We also found a highly significant correlation between P₅₀, P(1log) and the MTD of amoxicillin required against strains of S. pneumoniae in survival studies (treatment schedule consisting of six s.c. injections at 12-hr intervals over 3 days). These results fully confirmed the reliability of the model. However, the data obtained by this method of analysis were difficult to compare with dose-survival studies. The schedule of drug administration may have an important influence on efficacy, particularly in this neutropenic model. Schmidt and colleagues (Schmidt et al., 1949; Schmidt and Walley, 1951), using rat peritonitis and pneumonia models, demonstrated that the effectiveness of sodium penicillin G was related to the frequency with which the drug was administered. Bakker-Woundenberg et al. (1984), using a rat pneumonia model, demonstrated that in rats with intact host defense mechanisms a given amount of penicillin was equally effective when administered continuously or at relatively long intervals (12 hr), whereas in rats with impaired host defenses maintenance of bactericidal levels of penicillin was particularly important for therapeutic efficacy. Moreover, we do not know how a longer course of therapy, i.e., 24 hr, and the dosing interval, i.e., 6, 8 and 12 hr, would alter the P₅₀ and P(1log) values obtained in our bactericidal study. The dosing interval has been shown to be a significant determinant of the dose required to produce the P₅₀ for -lactams in a Klebsiella pneumoniae mouse pneumonia model (Leggett et al., 1989). Additionally, we do not know which pharmacokinetic parameters correlated with efficacy in this infection model. The duration of time that serum levels exceeded the MIC has been shown to be the major pharmacokinetic parameter correlating with efficacy in different models (Frimodt-Moller et al., 1986; Vogelman et al., 1988; Andes et al., 1995). Frimodt-Moller et al. (1986) demonstrated a significant correlation between the 50% effective dose and the time the serum concentration remained above the MIC for 14 cephalosporins against a single strain of S. pneumoniae. Recently, in an abstract form, Andes et al. (1995) demonstrated that maximum efficacy was observed when serum amoxicillin levels exceeded the MIC for 40 to 50% of the dosing interval.

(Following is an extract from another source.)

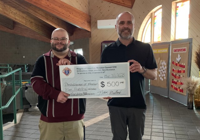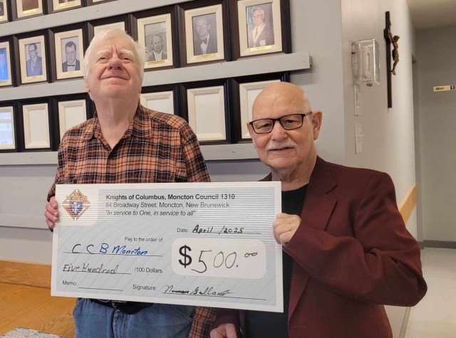 Recently, Grand Knight Norm Gallant presented a cheque of $500 to New Brunswick Right to Life to help with their Soup for Life event this weekend at Saint Bernard’s. Accepting the cheque was Lise Watts, president of the New Brunswick Right to Life, Moncton Chapter.
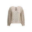 Kristina Ti’s silk blouse expresses delicate femininity through a refined floral print. The wide sleeves lend lightness to the design, while the button closure at the neck adds a discreet and sophisticated detail.

We observed differences in the P₅₀ values, relative to the MICs. These differences were particularly relevant to P^R strains. Against P15986 and P40422 strains (two highly P^R strains with amoxicillin MICs of 2 µg/ml), the P₅₀ of amoxicillin (achieving a 2.07- and 2.64-log unit reduction in CFU) was 1346 and 1361 mg/kg, respectively. In contrast, with the P12698 strain (also highly P^R, with the same amoxicillin MIC of 2 µg/ml), the P₅₀ required (achieving a 2.98-log unit reduction in CFU) was 301 mg/kg. On the other hand, with these three strains, the ratios of their P₅₀ values to the MIC ranged from 150 to 680 liters/kg. These discrepancies were also observed, to a lesser extent, in survival studies. Finally, our results showed that in vivo activities of amoxicillin against S. pneumoniae strains can be slightly different despite similar MICs. -Lactam-tolerant S. pneumoniae strains have already been reported (Liu and Tomasz, 1985). Antibiotic resistance and penicillin tolerance in clinical isolates of Streptococcus species have also been reported (Handwerger and Tomasz, 1985; Tuomanem et al., 1986). Because variations in potency of amoxicillin among the differents strains of S. pneumoniae could not be explained by differences in pharmacokinetic or pharmacodynamic activity, the antibiotic tolerance trait, in combination with increased levels of penicillin resistance of S. pneumoniae strains, would explain these discrepancies in vivo.

In conclusion, our study demonstrated that the standard in vitro MIC was an excellent predictor of the relative in vivo potency of amoxicillin against pneumococcal strains, including highly P^R strains. Furthermore, these data suggest that the estimated MIC breakpoint for amoxicillin resistance would be 4 µg/ml, although this remains to be confirmed in clinical studies.